The correct approach is: let the Codex output in the form of diff/patch, or let it only make the smallest mergeable changes.

I will adhere to two constraints in the team:

  • A single PR does not span two unrelated intents
  • The core difference of a single PR is within 200 lines (otherwise it must be split)

It is easy to write more and more codex, and it must be “closed in a small box” with PR constraints.

5. Let the test be the “first output”, not the “last addition”

The most common pitfall of Codex is that the implementation is completely written and the tests appear to be there, but the test is only validating the implementation it wrote.

So I asked it to output in order:

  1. List of test cases (which boundaries are covered)
  2. Key test code
  3. Implement patch

If it cannot provide test points, it either means that the requirements are not clearly written, or it means that this change is not suitable for it to make.

6. Write the “rollback path” into the change

People who make changes by hand often subconsciously leave a fallback path.

It’s easy for the person who made the change to forget.
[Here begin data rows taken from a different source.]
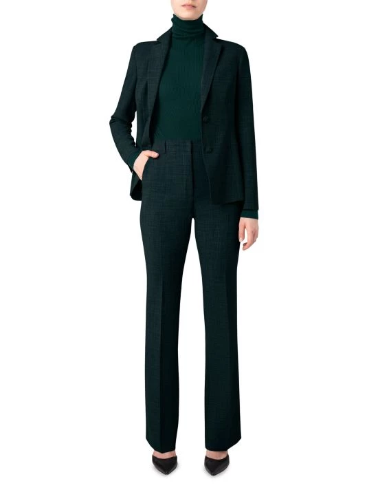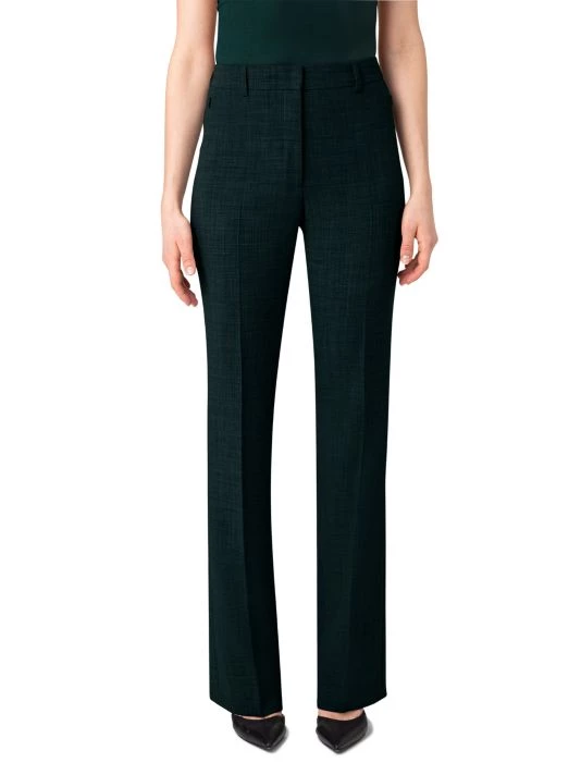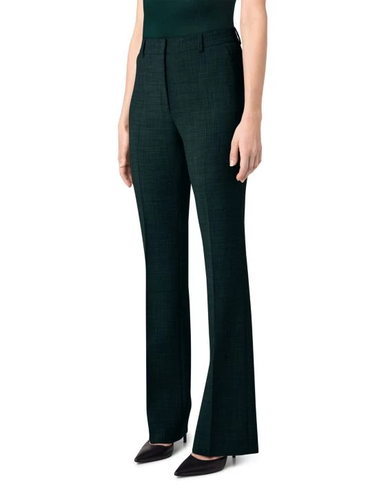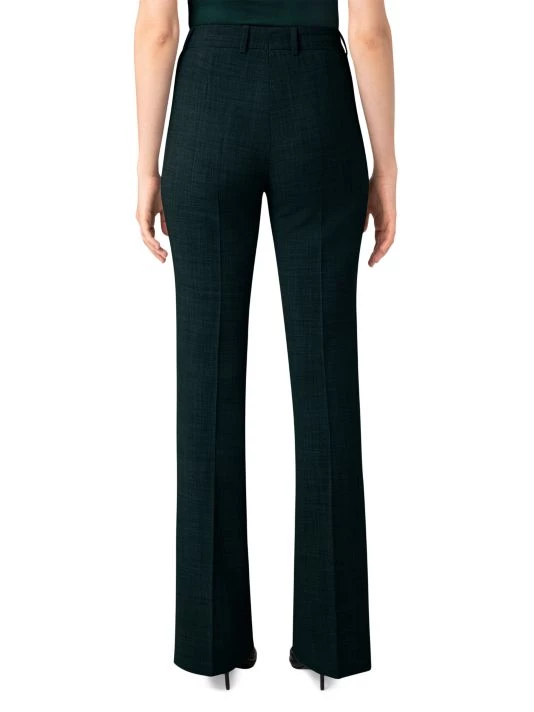 Made of wool with added stretch, these flared leg pants by Akris are finished with zipper pockets at the waist.
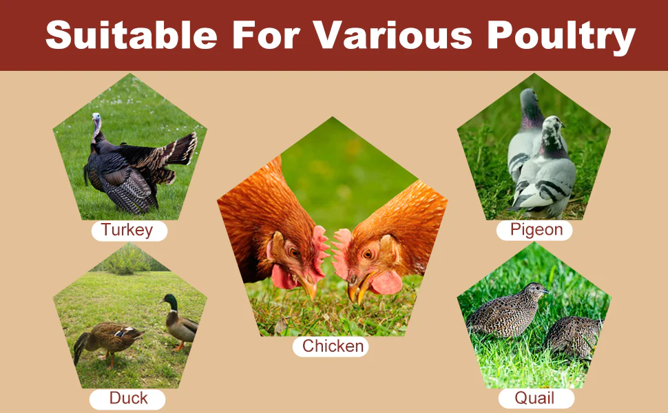 VERSATILE USE FOR DIFFERENT POULTRY TYPES: Suitable for chickens, ducks, quails, and turkeys, this waterer accommodates various poultry species effortlessly.
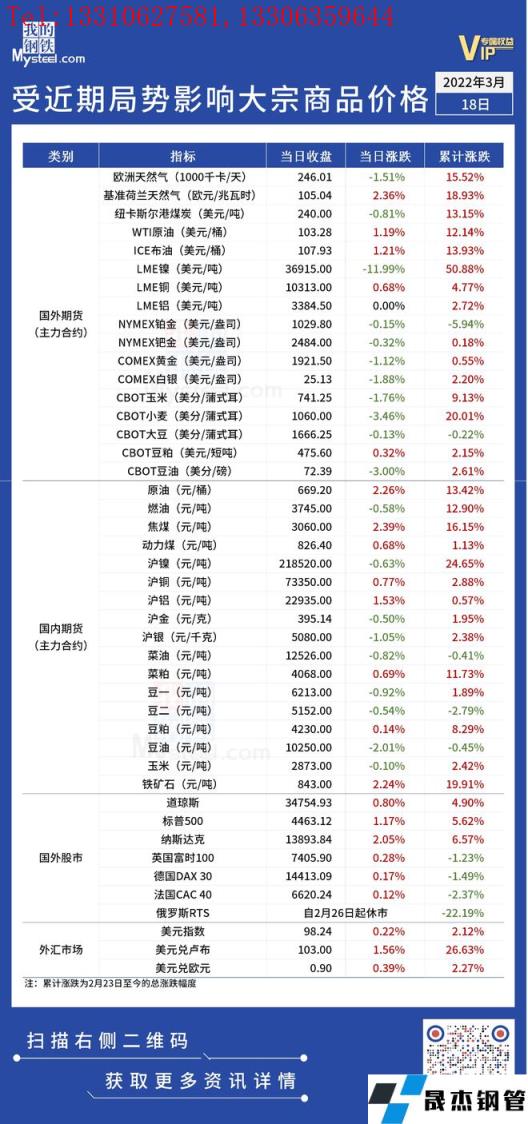 免責聲明:本網站(山東聊城晟杰無縫鋼管廠m.gdqiayu.com)刊載的“受近期局勢影響大宗商品價格一覽表(3月18日)”等均源于網絡,版權歸原作者所有,且僅代表原作者觀點,本文所載信息僅供參考。轉載僅為學習與交流之目的,如無意中侵犯您的合法權益,請及時聯系刪除。本網站刊登此篇文章并不意味著本站贊同其觀點或證實其內容的真實性,我們不對其科學性、嚴肅性等作任何形式的保證。如果侵犯了您的版權,請盡快聯系我們予以撤銷,謝謝合作!

I would require every build change to satisfy at least one rollback policy:

-feature flag

  • Configuration switches
  • Keep the old path for a while (double run)
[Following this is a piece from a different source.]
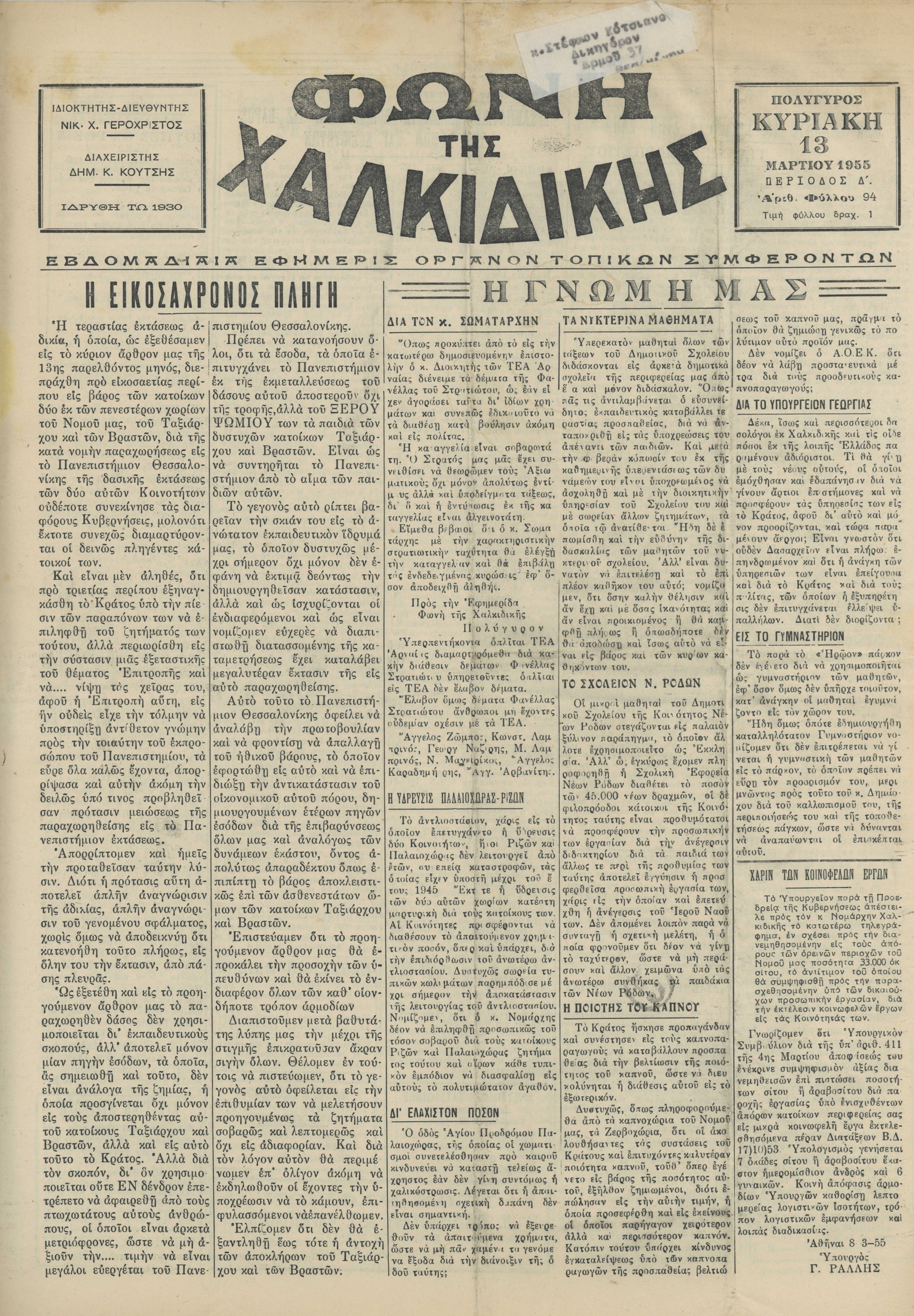 Φωνή της Χαλκιδικής 13-03-55 Αρ. Φύλλου 94
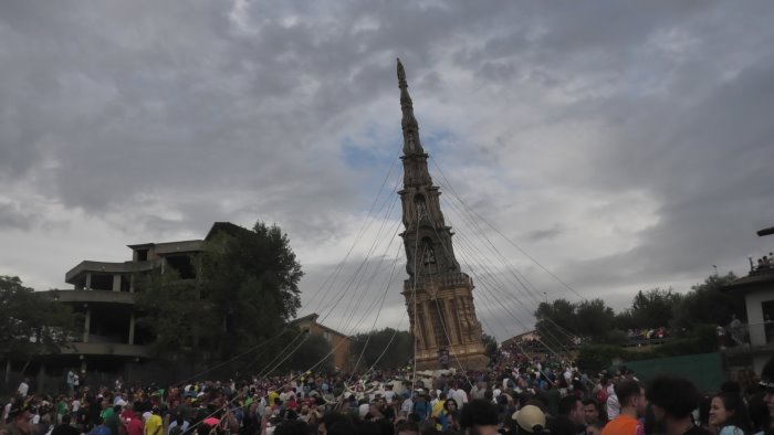 Sua maestà il carro di Mirabella, spazza via la pioggia e arriva a destinazione superando ogni ostacolo e paura dovuta alle frequenti inclinazioni nei punti più critici lungo il tragitto. Una manifestazione blindata ancora più degli altri anni, con una presenza massiccia di persone addette alla sicurezza, e volontari, misericordia, protezione civile ed altre associazioni in ausilio ai carabinieri.

Major changes without a rollback path, no matter who wrote them, should not go live. Codex just makes it easier to make “big changes”.
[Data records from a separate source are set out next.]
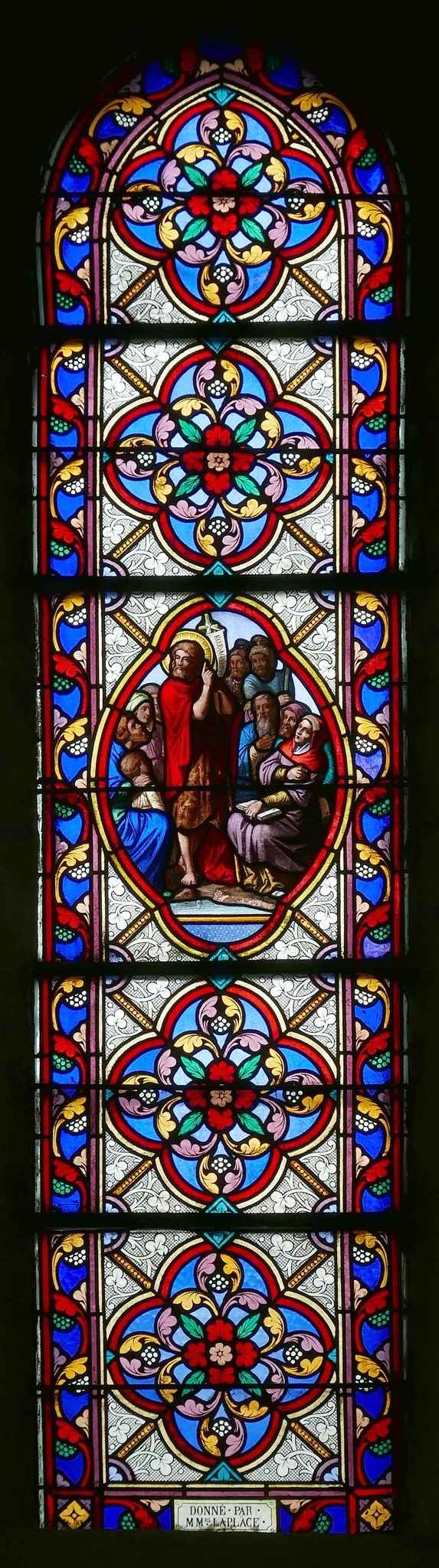 Spitzbogenfenster, das mit einem Bildmedaillon und sich wiederholenden farbigen geometrischen Motiven (stehende Vierpässe und diagonale Linien) sowie mit Grisaillemalerei (Blattranken) und einem farbigen Rahmen mit Blatt- und Blütenmuster im Stil der Gotik gestaltet ist. Im Medaillon ist Johannes der Täufer im Fellgewand und mit einem roten Mantel zu sehen: er predigt am Ufer des Jordans zu einer Menschenmenge und weist mit der Hand auf das Banner mit der Aufschrift «Ecce Agnus Dei», das er an einem Stab mit sich trägt.
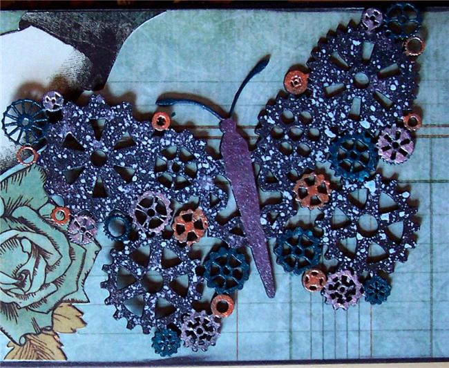 For my example, I used their gorgeous steampunk butterfly, a set of wings and one of the gear corner pieces that I cut pieces off of in order to decorate a steampunk mini album. Their fabulously detailed, laser-cut chipboard is so much fun to alter and work with! I’m not going to post pics of the whole album, just the cover and 2 spreads that use CE chippies so you can see. Here’s what I came up with:
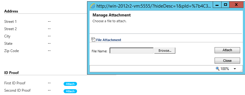 Now, after saving and publishing our changes, it will allow us to add an attachment on the click of an attachment button after saving the record, as shown below:
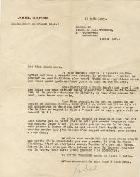 GANCE AbelLettre signée « Abel », adressée à M. et Mme Jean Tedesco. Paris, 25 août 1949 ; 1 page in-4° sur papier à son en-tête gravé. « Je suis furieux contre la tempête de Vaucottes qui vous a arraché vos arbres. [ ] Nous rentrerons à Paris (après une cure à Aix les Bains que nous partons faire aujourd'hui) vers le 15 septembre. [ ] Vous êtes gentille ma petite Aimée, de me parler de Lucrèce Borgia, mais j'ai à ce point oublié ce film et cet assassinat du deuxième mari de Lucrèce, que je serai capable de dire en voyant le film : quel est le s... qui a fait ce travail là !. Je n'ai pas besoin de vous dire que j'ai été très touché que la saint Abel ne soit pas passée inaperçue dans vos curs. [ ] Je crois vous avoir dit que nous avons adopté une petite fille abandonnée par ses parents. Je l'ai baptisée Clarisse. C'est un véritable amour. » Lettre emplie d'une grande sensibilité.
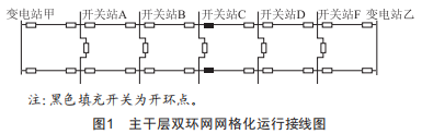(1)如圖1所示主干層按雙環(huán)網(wǎng)網(wǎng)格化建設(shè)運行四回線路來自兩個變電站同一變電站出線的兩回線路來自同一段母線。
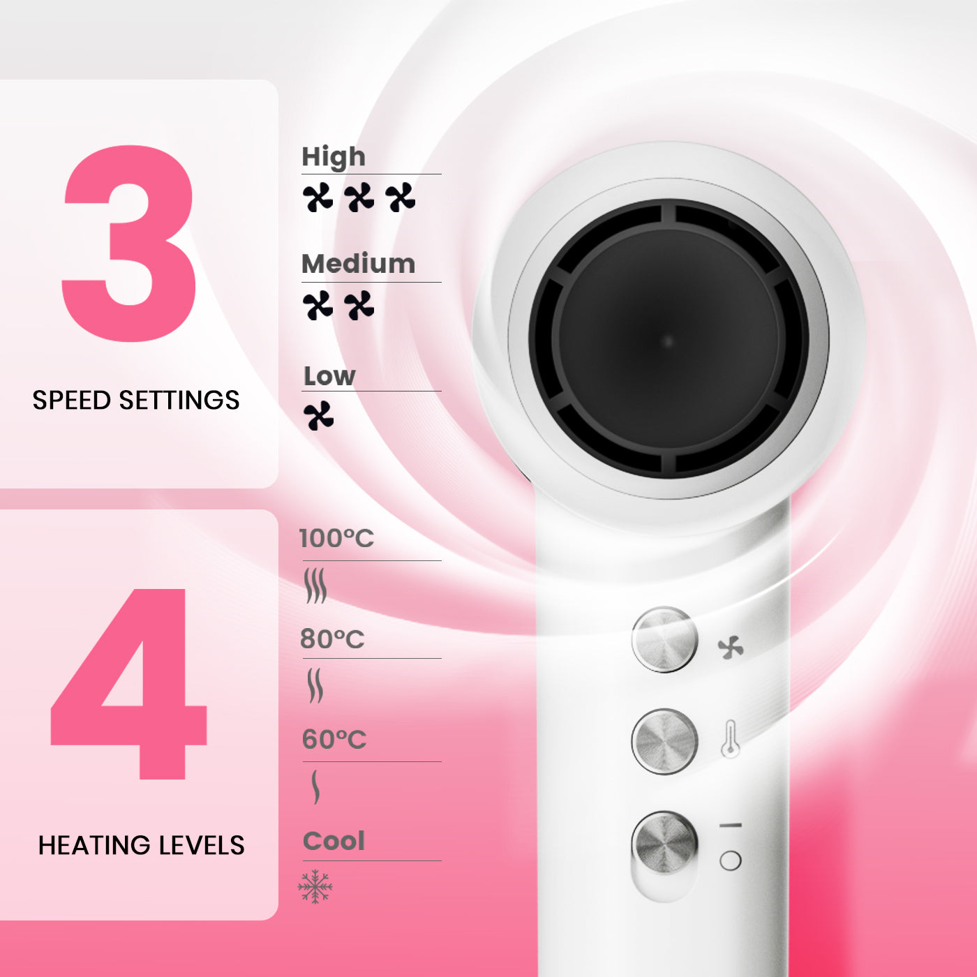Experience salon-quality drying in minutes with a 110,000 RPM high-speed brushless motor and ultra-light aluminum blades, delivering powerful 60 m/s airflow.

7. Treat traceability as a “cost item” of using Codex

If you only count “how much development time is saved”, you will often be encouraged to write more and more Codex.

What I care more about is: whether the problem can be reproduced.

So in the process I will forcefully record three things:

  • Task description for Codex this time (including acceptance criteria)
  • Change plan given by Codex
  • Final patch and test results

These three items are the chain of evidence during accident review.

Without logging, the more you use Codex, the more it will feel like you are running an unreproducible system.

8. A set of prompt word skeletons that can be used directly

The following paragraph is the minimum change to make its output go online.

You can copy it directly and replace the square brackets:

Changes need to be made in a real project.

Background: [Two or three sentences describing the current situation and problems] Goals (behavioral level):

  • Must do: [List 2-4 items]
  • Never change: [List 2-4] Constraints:
  • Not allowed to introduce new dependencies/not allowed to change public API/must be compatible with old data (select as needed) Acceptance:
  • gives a list of test points
  • Give at least [N] key test case codes Output format:
  1. Give a change plan first (document list + risk points)
  2. Give the smallest patch (diff), do not include long explanatory text

Applicable boundaries

The scenarios where Codex is not suitable are also clear:

  • I can’t even tell what behavior I want, so I can only “try it first”
  • This is a high-risk change involving data migration, permissions, and funding, but there is no complete acceptance environment
  • Reliance on tacit knowledge (online switches, grayscale strategies, historical incidents) without documentation

In these scenarios, Codex will solidify uncertainty directly into code.

Summary

The answer to “how to use Codex” is a set of engineering constraints.

Thinking of it as faster authoring puts the responsibility on review and online.

Treat it as a section of the pipeline, use acceptance criteria, testing, rollback and traceability to contain changes, and it will become a real efficiency tool.

FAQ

读完之后,下一步看什么

如果还想继续了解,可以从下面几个方向接着读。

Related

继续阅读

这里整理了同分类、同标签或同类问题的文章。